Assigned task →
Print out the data exactly, keeping every image out of it.
---- Given data
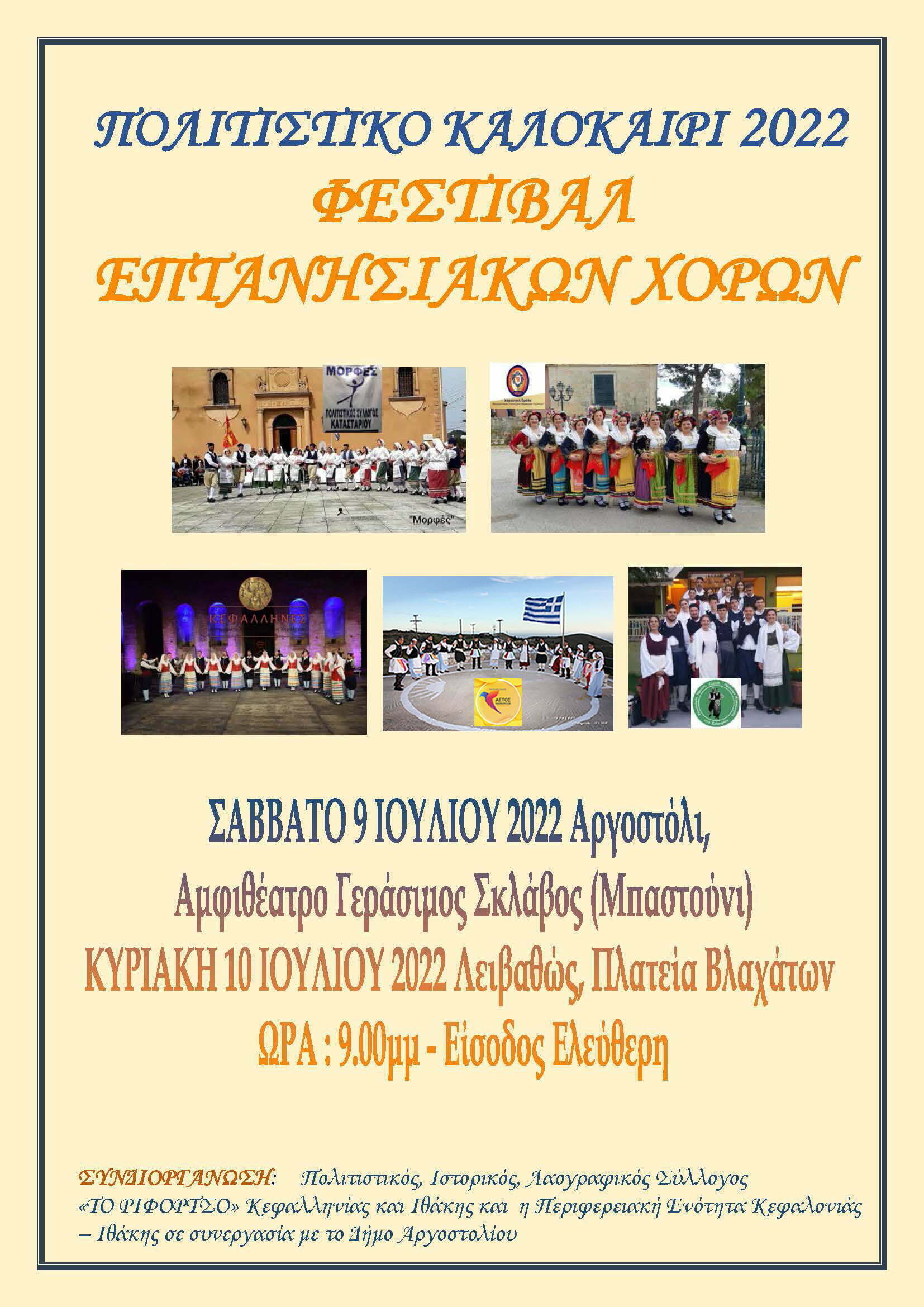 Το Σάββατο 9 Ιουλίου στο Αργοστόλι στις 21.00, στο Ανοιχτό θέατρο «Γεράσιμος Σκλάβος» στην προβλήτα κρουαζιερόπλοιων και την Κυριακή 10 Ιουλίου στις 21.00 στην πλατεία Βλαχάτων, χορευτικοί σύλλογοι από Κέρκυρα, Ζάκυνθο και Κεφαλονιά θα παρουσιάσουν Επτανησιακούς χορούς.
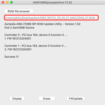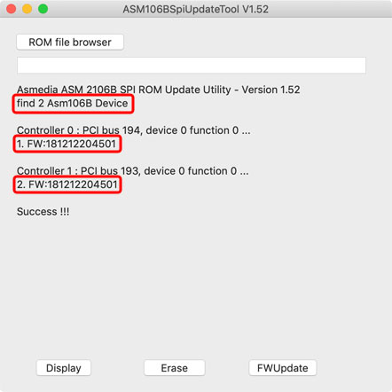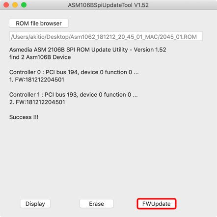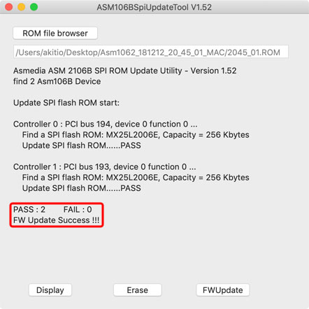 - When the update has been completed, the message "FW Update Success !!!" and "PASS:2" will be shown .
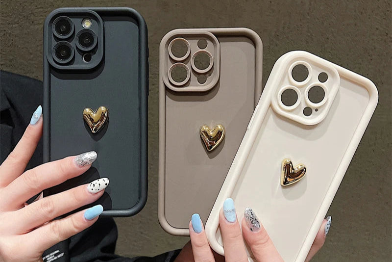 3Dハートデザイン iPhoneケース マット仕上げ 衝撃吸収 ソフトカバー
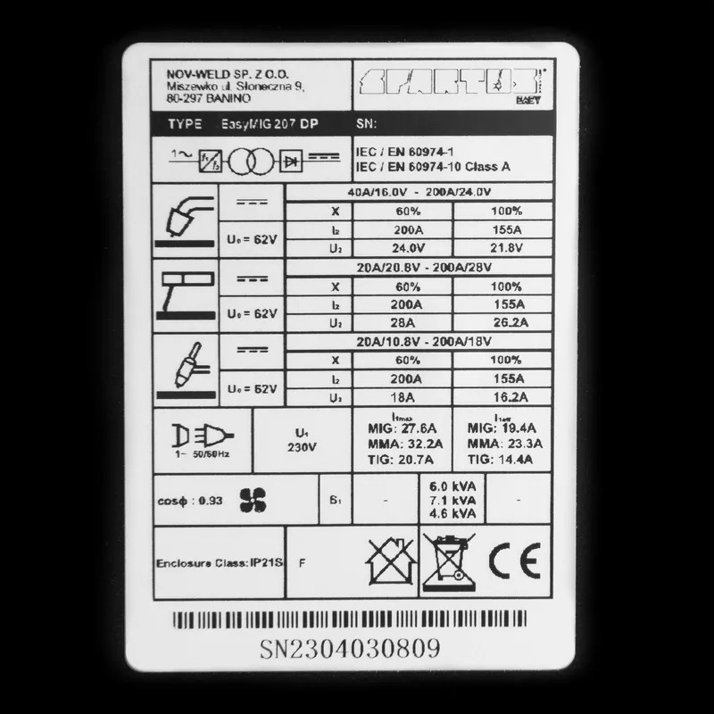 Spawarka SPARTUS Easy MIG 207 DP to nowoczesny, inwertorowy półautomat spawalniczy skonstruowany w oparciu o tranzystory IGBT. Umożliwia synergiczne spawanie MIG/MAG z podwójną pulsacją, synergiczne spawanie MIG/MAG z pojedynczą pulsacją, spawanie MIG/MAG w trybie synergicznym, spawanie MIG/MAG w trybie ustawień ręcznych, spawanie TIG Lift, spawanie elektrodą otuloną MMA. Maksymalny prąd spawania dla metod MIG/MAG/TIG/MMA wynosi 200A. Urządzenie zasilane jest z sieci jednofazowej 230V.
--------
Result of the task →
 Το Σάββατο 9 Ιουλίου στο Αργοστόλι στις 21.00, στο Ανοιχτό θέατρο «Γεράσιμος Σκλάβος» στην προβλήτα κρουαζιερόπλοιων και την Κυριακή 10 Ιουλίου στις 21.00 στην πλατεία Βλαχάτων, χορευτικοί σύλλογοι από Κέρκυρα, Ζάκυνθο και Κεφαλονιά θα παρουσιάσουν Επτανησιακούς χορούς.
 - When the update has been completed, the message "FW Update Success !!!" and "PASS:2" will be shown .
 3Dハートデザイン iPhoneケース マット仕上げ 衝撃吸収 ソフトカバー
 Spawarka SPARTUS Easy MIG 207 DP to nowoczesny, inwertorowy półautomat spawalniczy skonstruowany w oparciu o tranzystory IGBT. Umożliwia synergiczne spawanie MIG/MAG z podwójną pulsacją, synergiczne spawanie MIG/MAG z pojedynczą pulsacją, spawanie MIG/MAG w trybie synergicznym, spawanie MIG/MAG w trybie ustawień ręcznych, spawanie TIG Lift, spawanie elektrodą otuloną MMA. Maksymalny prąd spawania dla metod MIG/MAG/TIG/MMA wynosi 200A. Urządzenie zasilane jest z sieci jednofazowej 230V.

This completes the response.